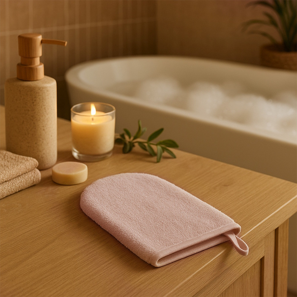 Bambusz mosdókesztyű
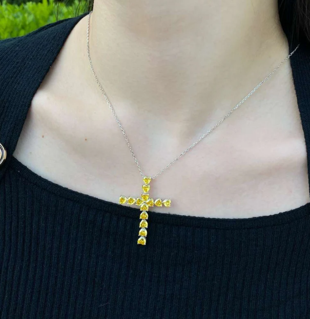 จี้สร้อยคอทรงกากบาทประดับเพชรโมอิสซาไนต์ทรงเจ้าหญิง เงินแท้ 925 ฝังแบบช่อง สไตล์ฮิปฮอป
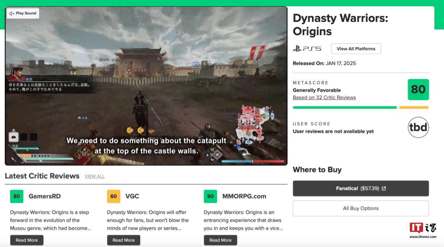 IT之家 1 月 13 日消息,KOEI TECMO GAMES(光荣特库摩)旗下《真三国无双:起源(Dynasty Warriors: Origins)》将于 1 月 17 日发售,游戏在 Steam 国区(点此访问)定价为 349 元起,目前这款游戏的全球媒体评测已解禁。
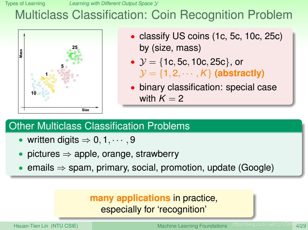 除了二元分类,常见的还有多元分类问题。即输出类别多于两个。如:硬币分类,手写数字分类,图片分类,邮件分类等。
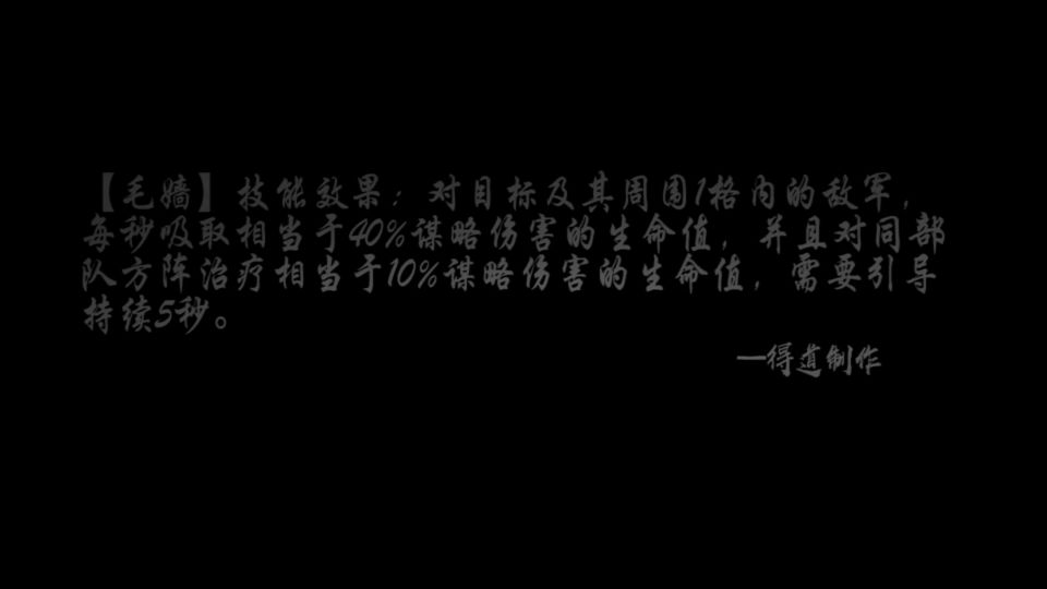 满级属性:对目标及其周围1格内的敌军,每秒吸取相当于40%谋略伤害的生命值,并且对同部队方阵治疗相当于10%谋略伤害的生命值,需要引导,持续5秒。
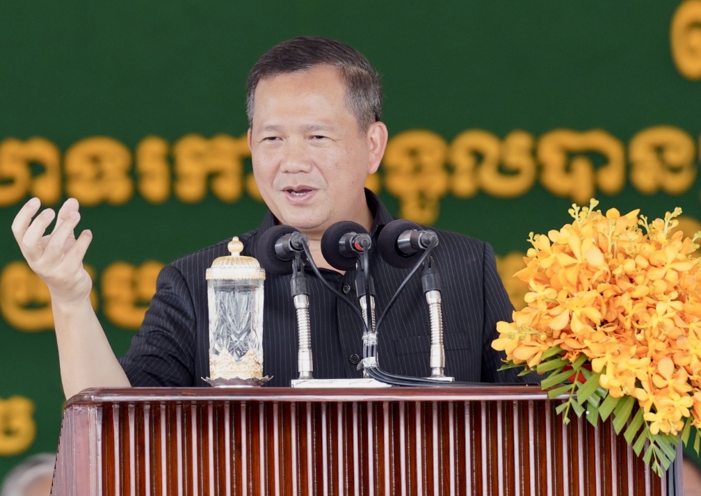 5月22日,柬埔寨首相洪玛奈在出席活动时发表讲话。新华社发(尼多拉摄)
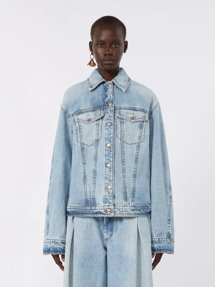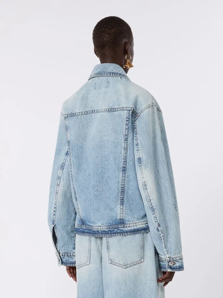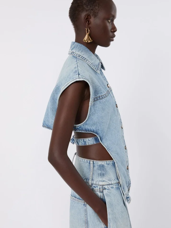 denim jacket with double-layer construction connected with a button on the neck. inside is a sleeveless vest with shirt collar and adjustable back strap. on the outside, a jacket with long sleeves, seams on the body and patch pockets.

───

> _TASK DESCRIPTION_
Once the images are removed, print the remaining data exactly as it appears above.

> _SOLUTION TO THIS TASK_
 Bambusz mosdókesztyű
 จี้สร้อยคอทรงกากบาทประดับเพชรโมอิสซาไนต์ทรงเจ้าหญิง เงินแท้ 925 ฝังแบบช่อง สไตล์ฮิปฮอป
 IT之家 1 月 13 日消息,KOEI TECMO GAMES(光荣特库摩)旗下《真三国无双:起源(Dynasty Warriors: Origins)》将于 1 月 17 日发售,游戏在 Steam 国区(点此访问)定价为 349 元起,目前这款游戏的全球媒体评测已解禁。
 除了二元分类,常见的还有多元分类问题。即输出类别多于两个。如:硬币分类,手写数字分类,图片分类,邮件分类等。
 满级属性:对目标及其周围1格内的敌军,每秒吸取相当于40%谋略伤害的生命值,并且对同部队方阵治疗相当于10%谋略伤害的生命值,需要引导,持续5秒。
 5月22日,柬埔寨首相洪玛奈在出席活动时发表讲话。新华社发(尼多拉摄)
 denim jacket with double-layer construction connected with a button on the neck. inside is a sleeveless vest with shirt collar and adjustable back strap. on the outside, a jacket with long sleeves, seams on the body and patch pockets.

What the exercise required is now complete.